━━━━━ DATA FOR THIS EXERCISE

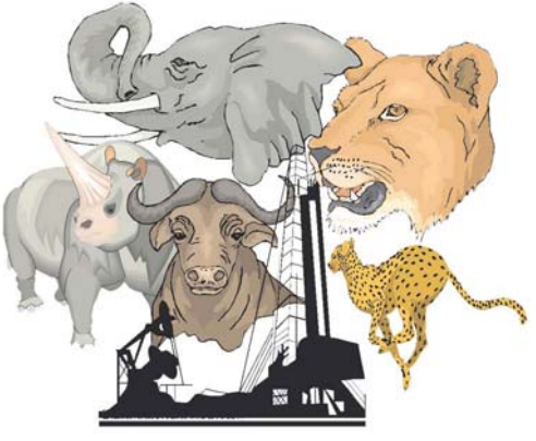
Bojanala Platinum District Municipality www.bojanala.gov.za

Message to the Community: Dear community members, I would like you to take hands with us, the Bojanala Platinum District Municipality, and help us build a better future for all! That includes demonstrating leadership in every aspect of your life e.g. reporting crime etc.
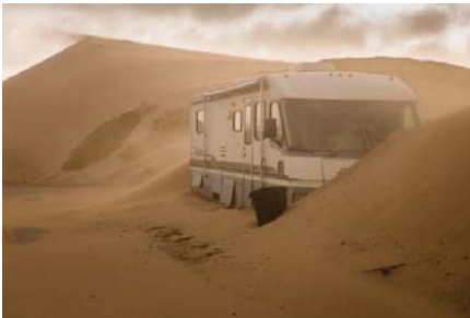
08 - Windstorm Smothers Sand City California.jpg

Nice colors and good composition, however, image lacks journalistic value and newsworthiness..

━━━━━━━━━━
━━━━━ DATA FOR THIS EXERCISE

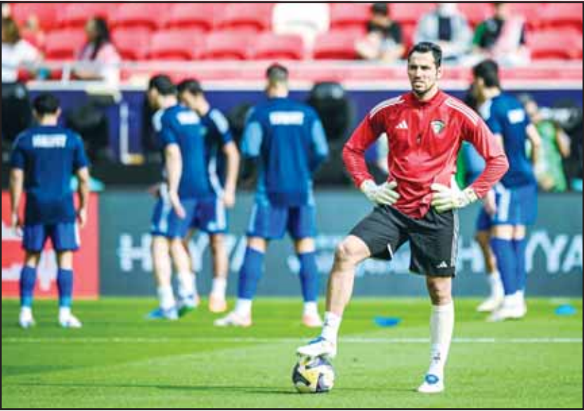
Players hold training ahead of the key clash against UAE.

━━━━━━━━━━
━━━━━ DATA FOR THIS EXERCISE

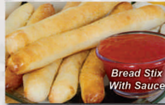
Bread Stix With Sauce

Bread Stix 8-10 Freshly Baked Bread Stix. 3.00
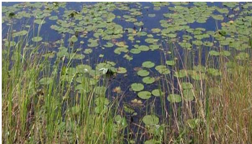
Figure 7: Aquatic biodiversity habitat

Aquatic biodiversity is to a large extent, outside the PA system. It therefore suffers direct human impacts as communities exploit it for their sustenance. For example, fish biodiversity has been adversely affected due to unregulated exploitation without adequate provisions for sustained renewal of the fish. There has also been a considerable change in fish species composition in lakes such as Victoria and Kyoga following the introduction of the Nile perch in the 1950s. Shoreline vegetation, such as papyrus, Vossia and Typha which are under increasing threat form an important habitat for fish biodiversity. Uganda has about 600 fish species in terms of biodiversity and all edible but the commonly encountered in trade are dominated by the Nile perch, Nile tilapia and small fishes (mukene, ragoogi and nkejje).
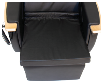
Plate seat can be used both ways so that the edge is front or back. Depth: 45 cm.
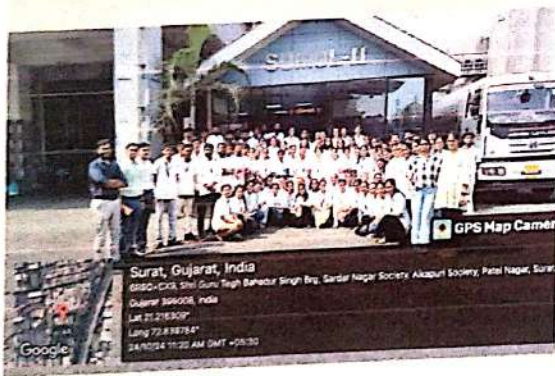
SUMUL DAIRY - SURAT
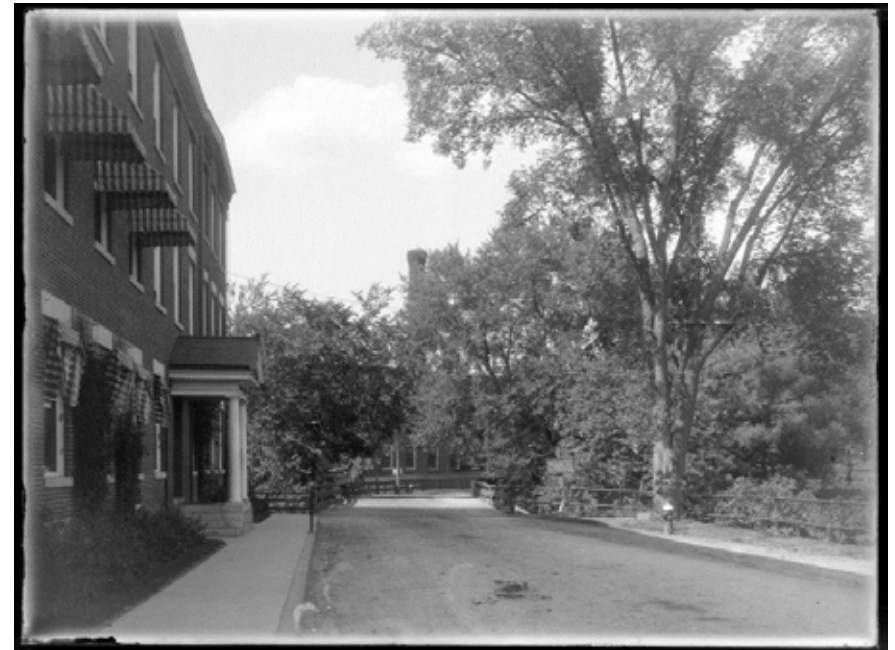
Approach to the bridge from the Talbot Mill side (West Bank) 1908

━━━━━━━━━━

Exactly the lines above from the one that contains "Bojanala Platinum District Municipality www.bojanala.gov.za" down to the one that contains "Nice colors and" are to be output, both ends kept and pictures omitted.

RESULT OF THE EXERCISE:
Bojanala Platinum District Municipality www.bojanala.gov.za

Message to the Community: Dear community members, I would like you to take hands with us, the Bojanala Platinum District Municipality, and help us build a better future for all! That includes demonstrating leadership in every aspect of your life e.g. reporting crime etc.
08 - Windstorm Smothers Sand City California.jpg

Nice colors and good composition, however, image lacks journalistic value and newsworthiness..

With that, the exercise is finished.